An LED light has an efficiency of 29 percent. If it converts 5,800 joules to light, what is the total energy it was supplied with?

Okay, so we have an LED light. And that light has a given efficiency. This LED is supplied with some total amount of energy. And then it outputs a given amount of energy as light. And that given amount, we’re told, is 5800 joules. We can consider this to be useful output energy from the LED. And this useful energy output is some fraction of the total energy input into the device. Now, if our LED was perfectly efficient, then all of the energy we input to it would be converted to useful energy output as light.

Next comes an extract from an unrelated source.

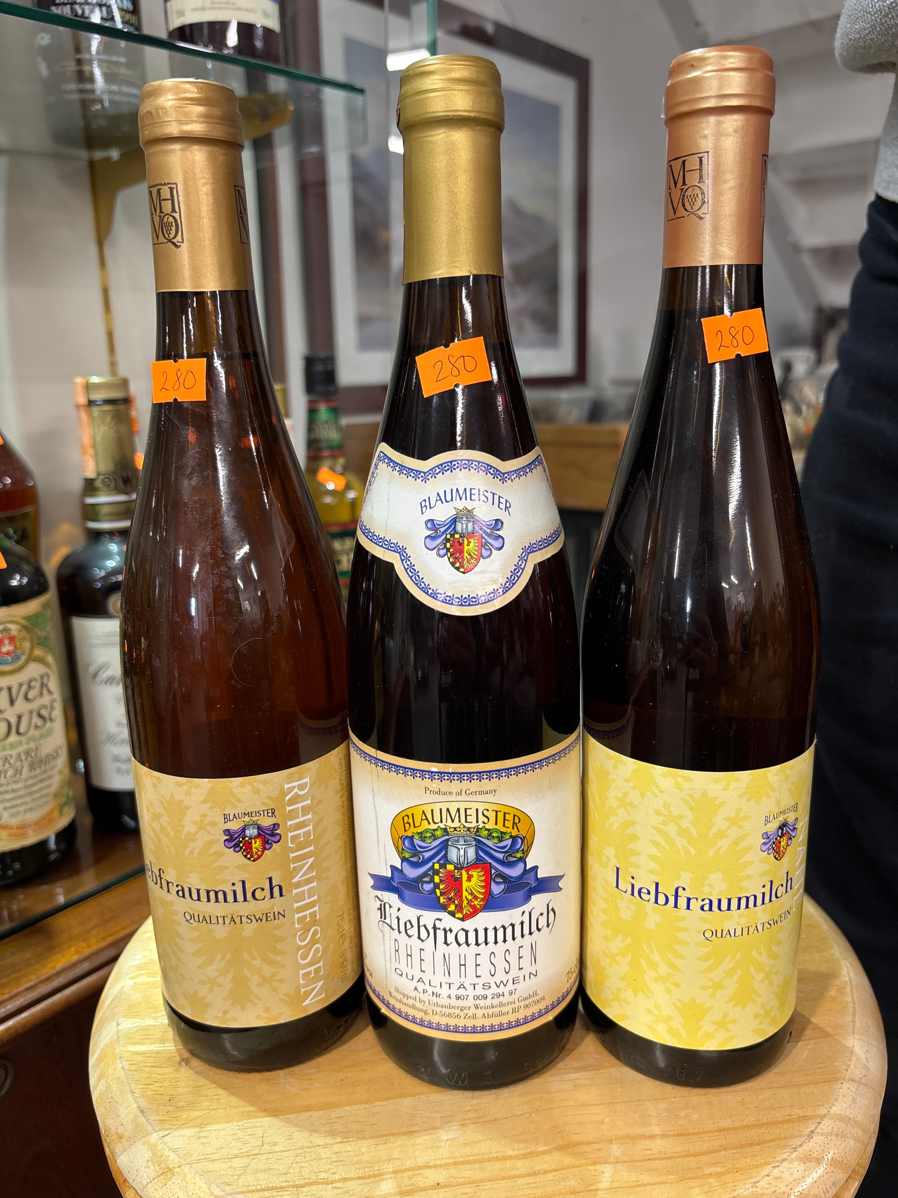 Three bottles of German Liebfraumilch Qualitätswein, branded “BLAUMEISTER”. Each dark brown glass bottle features a gold-colored foil capsule, sealed around the neck and marked with an “MH VQ” logo incorporating grapes. The paper labels prominently display “BLAUMEISTER”, “Liebfraumilch” (Our Lady’s Milk), “RHEINHESSEN” (a German wine region), and “QUALITÄTSWEIN” (Quality Wine). The central bottle’s label additionally specifies “Produce of Germany” and an “A.P.Nr.” (Amtliche Prüfnummer/Official Test Number) ending in “97”, suggesting a 1997 vintage or approval year, with “Urbanberger Weinkellerei GmbH” identified as the “Weinhandlung” (wine merchant) and “Abfüller” (bottler).
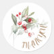 Winter holiday holly RED BERRY branches Classic Round Sticker

But we know that that’s not the case. Rather, just under 30 percent of the input energy is converted into useful output energy. That’s what it means that the efficiency of this LED is 29 percent. So basically, we input some total amount of energy to our LED and then 29 percent of that total input is output as the 5800 joules of light energy. And knowing this, we want to work backward to solve for that total energy input.

Let’s let the total energy supplied to our LED be represented by this symbol, 𝐸 sub t. And then let’s let 𝐸 sub L represent the energy that our LED converted to light. The LED efficiency of 29 percent means that if we take 29 percent of 𝐸 sub t, then that will equal 𝐸 sub L. Written out using words, 29 percent of 𝐸 sub t equals 𝐸 sub L. And now, we can translate this into an equation that we can solve for 𝐸 sub t. To do that, we’ll want to convert this percent, 29 percent, into a decimal. In general, if we have a number written as a percent — we’ll call it 𝑁 sub P — then if we divide that value by 100 percent, that equals the equivalent number written as a decimal.

So if we take 29 percent and divide that by 100 percent, we see the percent signs cancel out. And as a decimal, this fraction is equal to 0.29. So if we take this number, 0.29, and multiply it by 𝐸 sub t, the total energy supplied to the LED, then that product will equal 𝐸 sub L, the energy output as light. Written as an equation, we can say that 0.29 times 𝐸 sub t equals 𝐸 sub L. And to solve for 𝐸 sub t, the total energy, we’ll divide both sides of the equation by 0.29. That will cancel that term out on the left. And we see that the total energy input is equal to the light energy, the useful energy output, divided by 0.29.

And we know 𝐸 sub L, the energy converted to light; that’s 5800 joules. So 𝐸 sub t is 5800 joules divided by 0.29 which is equal to 20000 joules. That’s the total energy supplied to this LED light.